Quizás la forma más aviesa de deshacerse de un trabajador, es tratar de aludir a un supuesto “derecho” de quien llega a ocupar un cargo público para decidir quiénes conservarán o no su empleo. Es claro que, de cierto nivel jerárquico en adelante, pueden definirse arbitrariamente quiénes ocuparán esos cargos (secretarías, subsecretarías, direcciones, hasta el nivel de jefe de sección o su equivalente); empero el apetito que generan incluso los puestos más modestos dentro del servicio público lleva a imaginar que el “jefe” puede disponer de todos los puestos.

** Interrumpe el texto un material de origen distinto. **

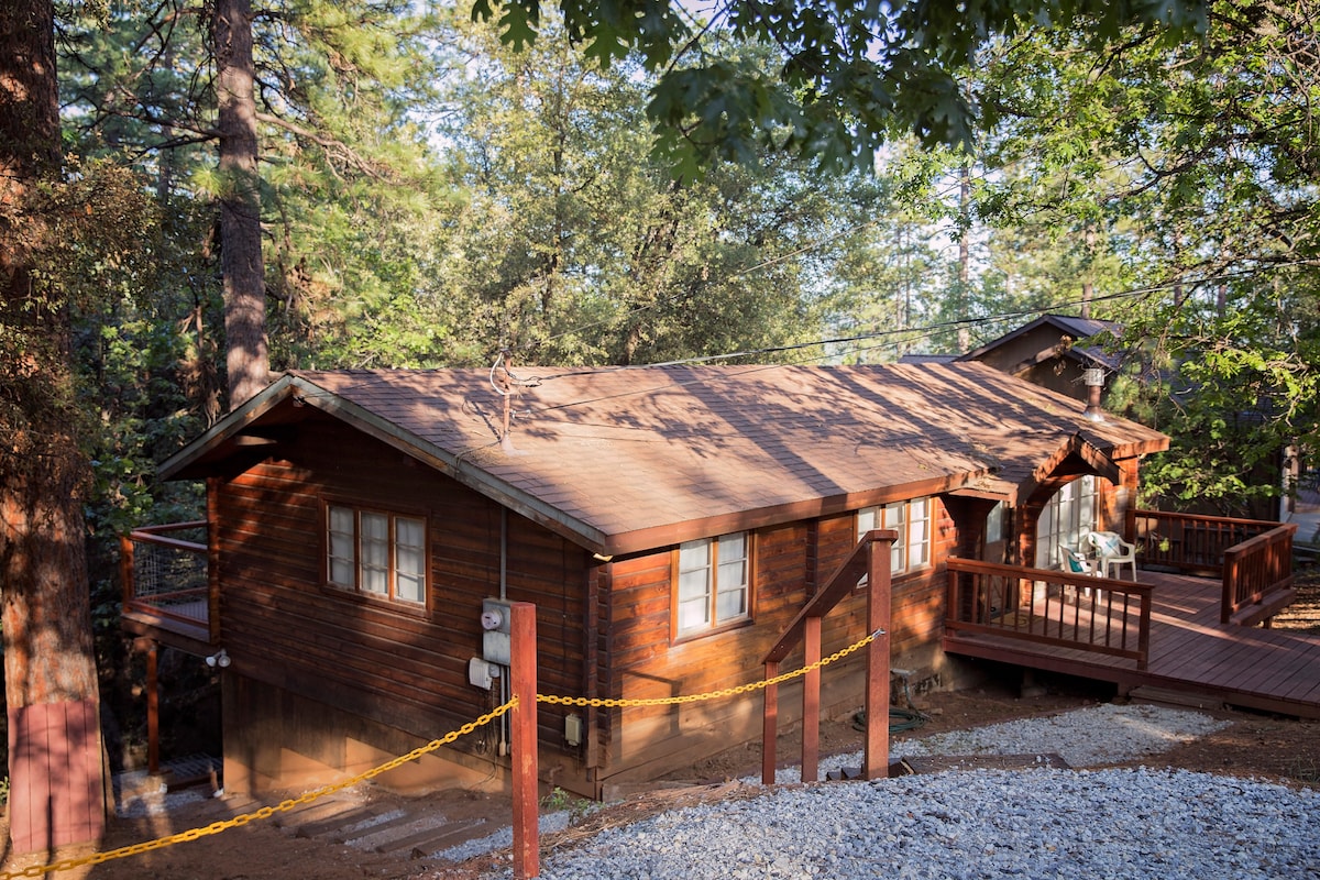 Our Cabin is a perfect mountain get away. Whether you're visiting nearby Twain Harte Lake, Pinecrest, Yosemite or just wanting to relax & enjoy sitting on the back deck with a glass of wine; You'll find our home a very relaxing and quiet stay with a short 4 min walk to town! In the winters enjoy a wood burning fire place and watch the snow fall in the big picturesque front windows & tall open beamed ceiling. Firewood not included. Located in a quiet neighborhood to decompress from the hustle

Y no es así.
Una forma más sofisticada es el apelar a componentes anímicos: la “decepción” que provoca el que un trabajador no se someta y se vaya “agradecido” por la “oportunidad” de trabajar, y decida ser asertivo en lo que toca a sus derechos laborales.
La realidad -creo- es que el servicio público no puede inventarse y reinventarse cada seis años.
Y creo que la mejor prueba de que las cosas no son como les dicen a los burócratas que suelen despedir en estas épocas, es que el Tribunal laboral cada vez está más atiborrado de laudos en contra de entidades públicas; fallos que, además, hacen todo -desde el poder público- por no acatar.